Vadim Jean’s documentary opens with one of the film’s subjects talking over a telephone line in an interview from prison, before the call is interrupted by the automatic operator voice informing us that there’s only 15 seconds left before the line goes dead. Seconds later the calls abruptly ends. It’s a neat trick illustrating the control that the state has over its prisoner and, by extension, the ability for this case of injustice to be heard by the outside world.

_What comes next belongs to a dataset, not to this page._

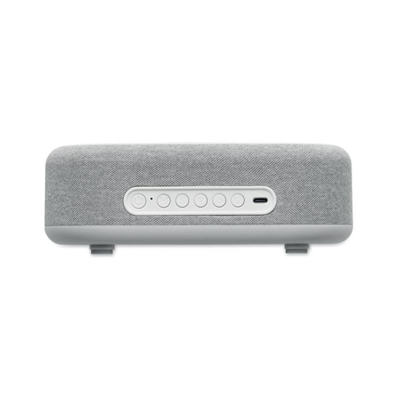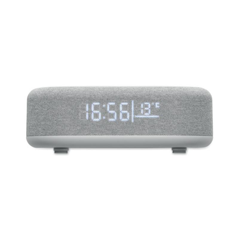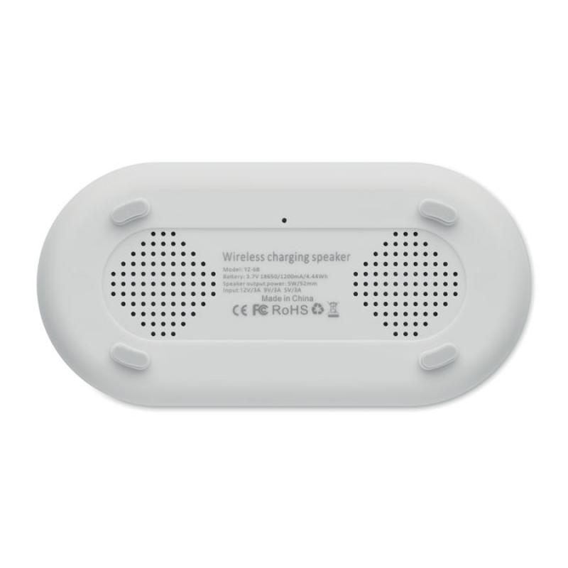 Altavoz 4 en 1 de carga inalámbrica de 15 W y 5 W en ABS con estación meteorológica y luz ambiental. Reloj despertador. Visualización de la hora y la temperatura. Batería Li-Iin integrada: 1200 mAh. Tiempo de reproducción aprox. 7 horas.Recipiente :

Between them Herman Wallace, Albert Woodfox and Robert King (also known as the Angola Three) have spent nearly a century in solitary confinement in connection with the 1972 murder of prison guard Brent Miller in Angola Prison, Louisiana. We say ‘in connection’ as these were flimsy convictions based on the testimonies of unreliable witnesses, a view shared by the victim’s widow. All three were Black Panthers and according to their supporters this is far from a co-incidence, race is explained as the reason behind the injustice. This is brilliantly explored by tracing the history of the prison (it was built on and named after a slave plantation), covering the legal aspects of the case and showing present day interviews with people from both sides. The film does sometimes seem unsure whether it wants to condemn the convictions on legal or political grounds or the punishment on moral grounds, although this is perhaps unavoidable when there are so many reasons to find the situation that these men are in so objectionable.

The most overwhelming point of the documentary is not made through interviews with lawyers, articulate and admirable though they are, neither is it made by Samuel L Jackson’s narration which is calm and used impressively sparingly; it is the personal outlooks of the people involved that offer the greatest insight. The film obviously has a position, but it also gives voice to the case against the men, weak though it is. Aside from one section where their defence lawyer is disassembling points made by the previous person on screen, those making the case against are left unchallenged. Those defending the decision to keep the Angola Three in jail are really defending the status quo – the witness must have been credible because he was believed at the time and they fail to engage the documentary-makers on anything other than that one point, albeit a point made in different ways by different people. Conversely you have Robert King, freed in 2001, explaining the events with an enormous amount of grace. King is the real hero of the situation, compromising his own principles in order to be useful to the remaining two men. This is a film about how powerful the notion of brotherhood can be, whether it’s the Black Panther movement giving African Americans pride or whether it is instilling hope in those who by rights should have lost all sight of it.

Presented with such material, it would have been easy for Jean to sentimentalise the subjects and emotionally manipulate the viewer, but the documentary reflects the dignity of the three men, only drawing some tears from us when, in the final scene, one of the men explains what he will do upon his release. Jean does justice to a situation which sorely needs it.

In the Land of the Free is released on DVD in the UK on the 28th March.